All pictures are to be omitted while the lines starting at the line with "Possui 8 blocos" and ending at the line with "bien sur, il" in the material below are retyped exactly, both ends included.

* [EXTRACTED ENTRIES]
※

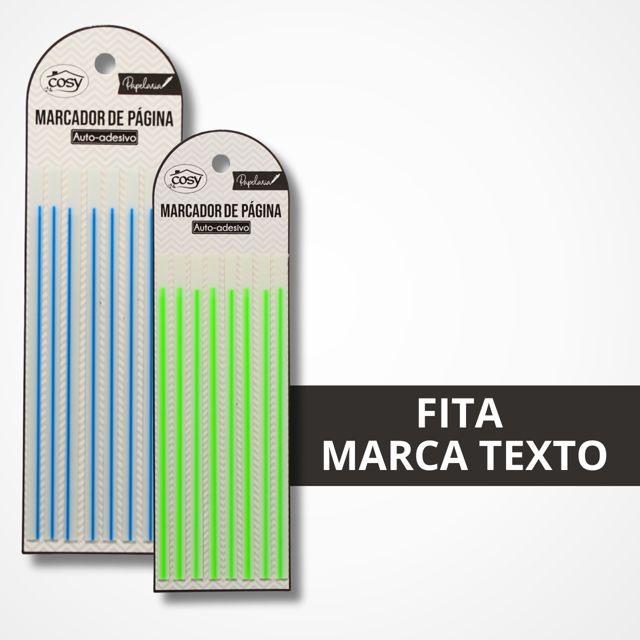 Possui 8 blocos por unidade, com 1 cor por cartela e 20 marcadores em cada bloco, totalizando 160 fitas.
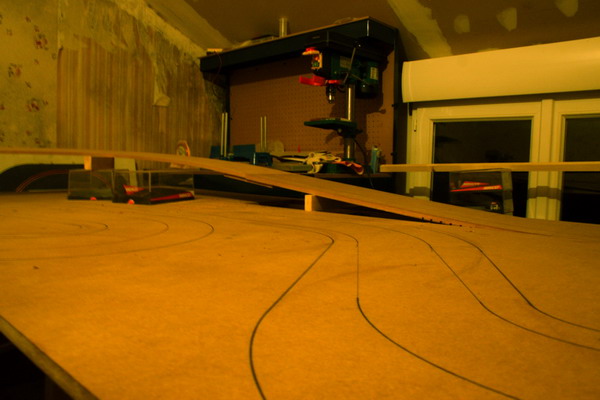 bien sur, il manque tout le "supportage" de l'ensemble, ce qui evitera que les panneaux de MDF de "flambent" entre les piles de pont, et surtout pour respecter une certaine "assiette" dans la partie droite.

※

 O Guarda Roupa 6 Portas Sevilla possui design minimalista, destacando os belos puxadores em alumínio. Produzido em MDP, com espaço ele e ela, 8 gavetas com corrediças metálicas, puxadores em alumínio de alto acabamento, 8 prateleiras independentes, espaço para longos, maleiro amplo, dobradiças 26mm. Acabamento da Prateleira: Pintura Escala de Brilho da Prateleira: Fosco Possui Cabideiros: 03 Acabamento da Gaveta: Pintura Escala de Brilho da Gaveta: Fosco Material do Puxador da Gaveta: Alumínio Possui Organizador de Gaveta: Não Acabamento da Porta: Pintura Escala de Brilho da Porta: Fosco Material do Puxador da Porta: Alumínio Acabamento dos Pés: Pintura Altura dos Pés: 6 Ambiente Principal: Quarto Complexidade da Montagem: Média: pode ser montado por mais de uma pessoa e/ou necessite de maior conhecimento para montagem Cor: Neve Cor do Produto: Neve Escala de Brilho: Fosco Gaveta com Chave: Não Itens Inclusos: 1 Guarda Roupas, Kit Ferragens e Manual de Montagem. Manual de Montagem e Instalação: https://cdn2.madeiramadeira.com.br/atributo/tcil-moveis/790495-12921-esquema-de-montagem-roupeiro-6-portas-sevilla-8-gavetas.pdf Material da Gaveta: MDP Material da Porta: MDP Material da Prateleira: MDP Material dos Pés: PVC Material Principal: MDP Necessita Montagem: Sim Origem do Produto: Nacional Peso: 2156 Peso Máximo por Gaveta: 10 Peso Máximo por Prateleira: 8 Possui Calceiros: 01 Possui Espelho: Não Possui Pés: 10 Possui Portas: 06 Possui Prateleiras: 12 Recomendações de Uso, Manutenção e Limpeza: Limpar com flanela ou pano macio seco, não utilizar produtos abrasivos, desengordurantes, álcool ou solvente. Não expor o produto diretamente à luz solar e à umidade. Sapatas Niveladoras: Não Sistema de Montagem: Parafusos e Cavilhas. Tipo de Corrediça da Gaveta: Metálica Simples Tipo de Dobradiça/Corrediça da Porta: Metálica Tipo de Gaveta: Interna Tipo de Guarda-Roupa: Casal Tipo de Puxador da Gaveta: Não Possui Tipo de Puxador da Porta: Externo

※

* [SOLUTION FOR THIS EXERCISE]
 Possui 8 blocos por unidade, com 1 cor por cartela e 20 marcadores em cada bloco, totalizando 160 fitas.
 bien sur, il manque tout le "supportage" de l'ensemble, ce qui evitera que les panneaux de MDF de "flambent" entre les piles de pont, et surtout pour respecter une certaine "assiette" dans la partie droite.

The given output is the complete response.